The TIC sits as a small instrument that can be used by the corporation when it's appropriate, for example when it needs to buy insurance for a joint venture. It doesn't buy reinsurance and is capitalized to $500 million.
Are you considering using the capital markets for BP's catastrophic coverage?
We have been looking at that. They just need time to develop, but that doesn't mean to say that they aren't doing interesting things. I don't think we are in a position to really be a vanguard, but we have a very active watching brief on what is going on.
What impact has your approach to the insurance program had on BP?
We split risk apart, really. We put a lot of heavy responsibility onto others. The other thing is that we said this insurance was just simply a swapping shop, the TIC became an institution. Since the privatization, BP has atomized into 80 business units, and the managers have the responsibility of understanding risks. They have all the processes necessary to deal with the risks themselves with due guidance from the corporation as a whole.
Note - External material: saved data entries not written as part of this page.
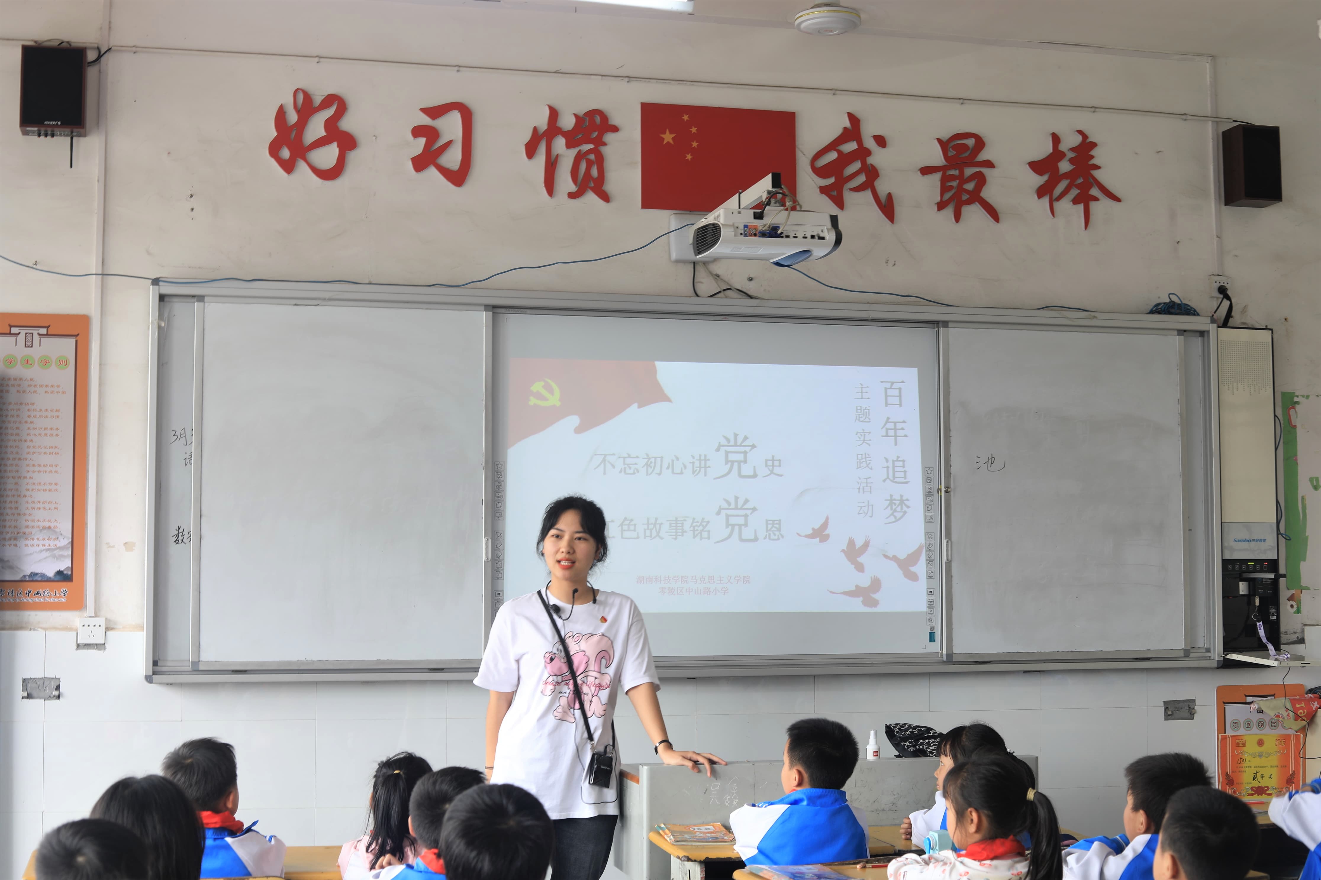 本网讯(通讯员 谢松林)峥嵘百年,共庆华诞。2021年是中国共产党成立100周年,也是“两个一百年”奋斗目标的重要历史交汇点。在中国共产党百年华诞即将来临之际,beat365中文官方网站马克思主义学院思政专业学生发挥专业优势,积极承担党史知识宣讲责任,与永州市零陵区中山路小学建立长期合作关系,组织学生前往学校进行义教活动,将党史教育带入小学课堂,引导学生知党史,感党恩。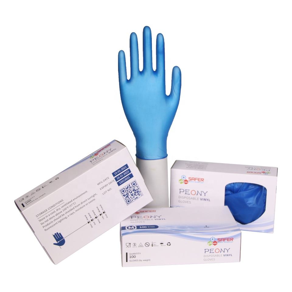 ถุงมือพีวีซีถุงมือไวนิลปราศจากผงสีน้ำเงิน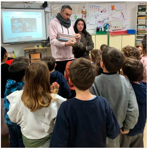 Una mañana, varias chulapas y chulapos entraron en las aulas, y entregaron al alumnado unas cajas misteriosas.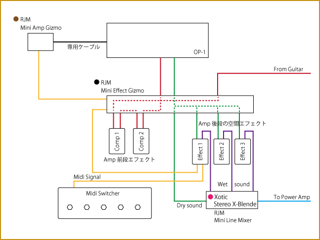 Axes CircuitのOP-1 Preampを核としたシステムの妄想。出来る事ならOP-1とパラレル接続した空間系をとりまとめてMidi信号で一括管理したいところである。PreAmpのチャンネル切り替えにはRJM Mini Amp Gizmoで対応出来るのかが鍵となるのだが、仮にそこがクリアー出来ればRJM Mini Effect Gizmo及びRJM Mini Line Mixerや手持ちのXotic X-Blenderを使用することでシステムが組めそうな感じである。 続きを読む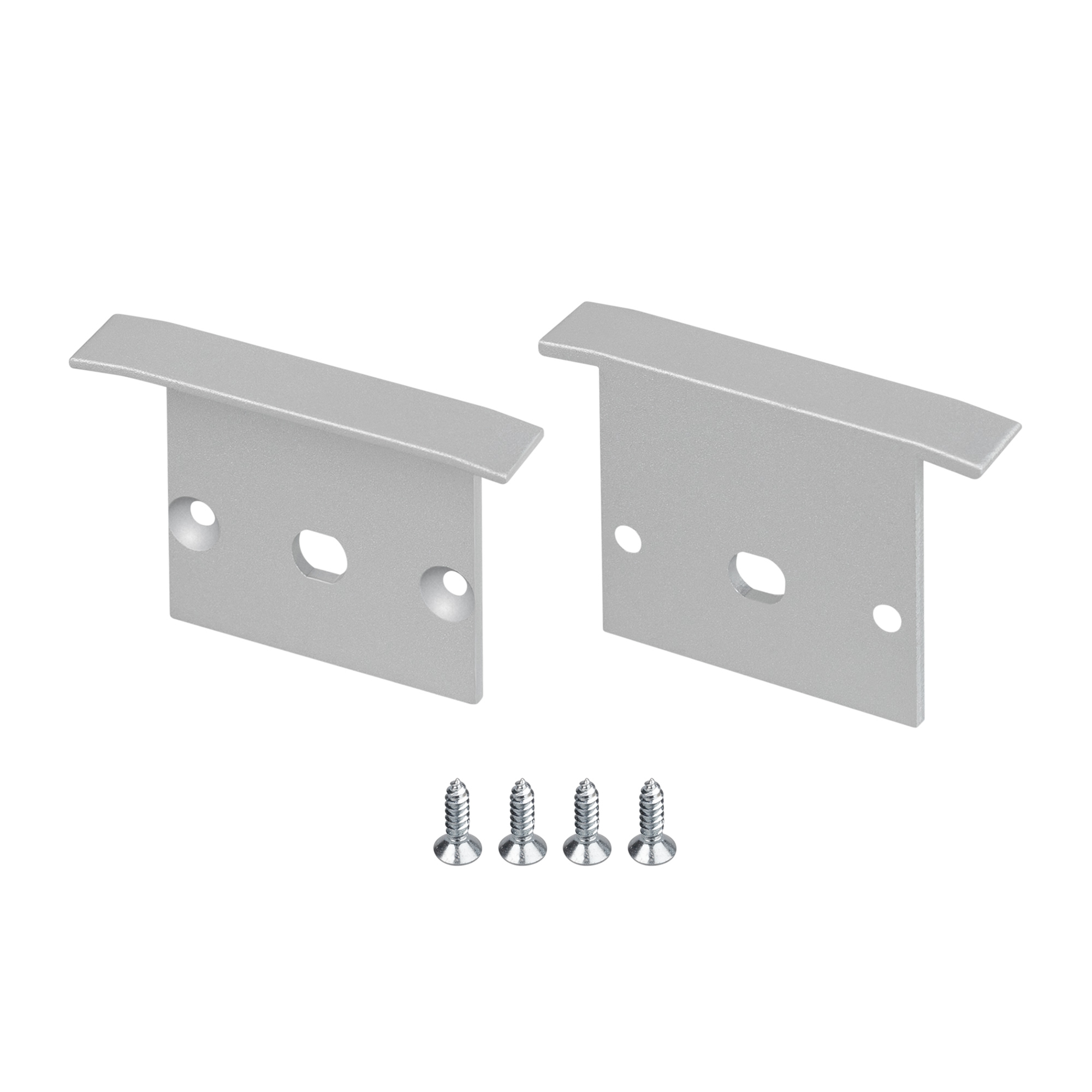 Пара заглушек с отверстием для профиля LINIA25-F серебристого цвета. Материал - алюминий. В комплекте: заглушка - 2 шт., винт - 4 шт. Цена за комплект.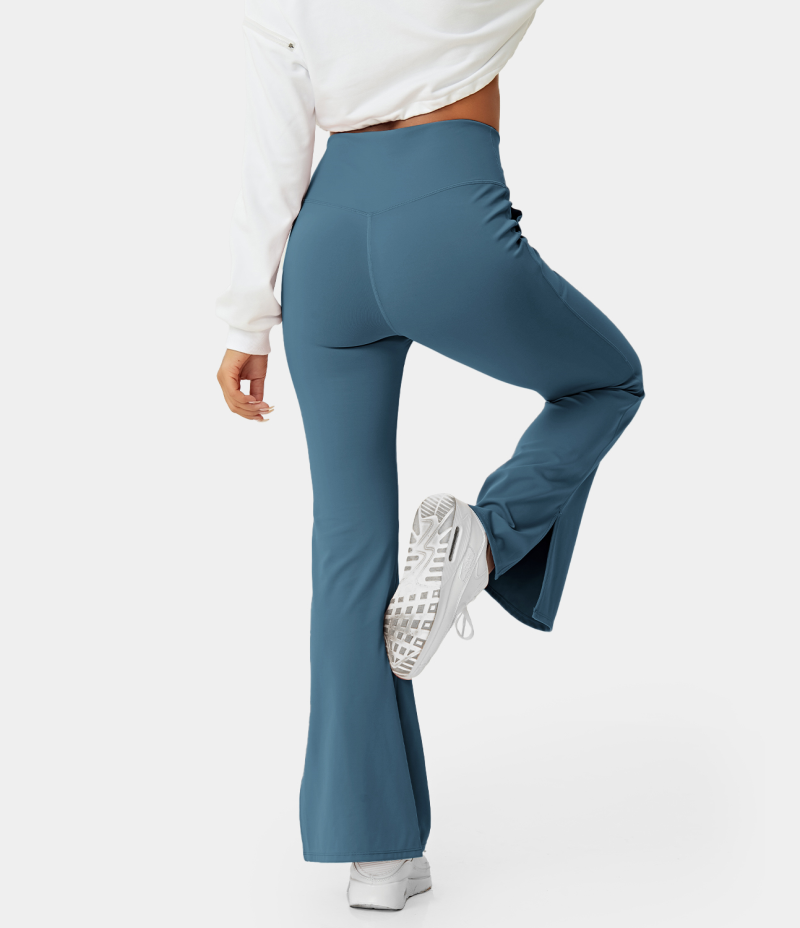 :: Halara Crossover Pocket Split Hem Full Length Flare-Smile Women's Leggings Blue Ashes | 340289-WCP

It has driven a better understanding of risks. There is a better-managed process to analyze, understand and price risks, and the continual evaluation of what might be happening in the outside world that might be of value to the shareholder.
We have continued to add up what we have saved. We are banking the stream of money that would have come back if the risk had happened, and that which would have been lost in transaction costs. It is a very substantial amount of money over a period of time.
Since we did this, the corporation has become more diversified. It has a bigger spread of activities across the globe, and each time we add a different and uncorrelated risk to the corporation's portfolio, we are constantly carrying out an internal diversification process.
What changes do you see happening in the insurance and risk management world?
There is a never-ending science of understanding risk and quantifying it, deciding the best balance of risk the individual organization can bear and how to get rid of risk that it feels is unwise to bear. People will go on inventing better instruments and put pressure on producers. I don't think we will ever cut out brokers as a profession, but they are not necessarily always going to act as an intermediary.
There will be certain products where a risk manager will feel confident as a buyer to buy them because they know them or trust the brand. But sometimes they need professional advice before they go and buy the brand.
It can be hard for people to go out and get the best product for themselves. The intermediary must provide it at the point it can really add value and is truly acting as a professional.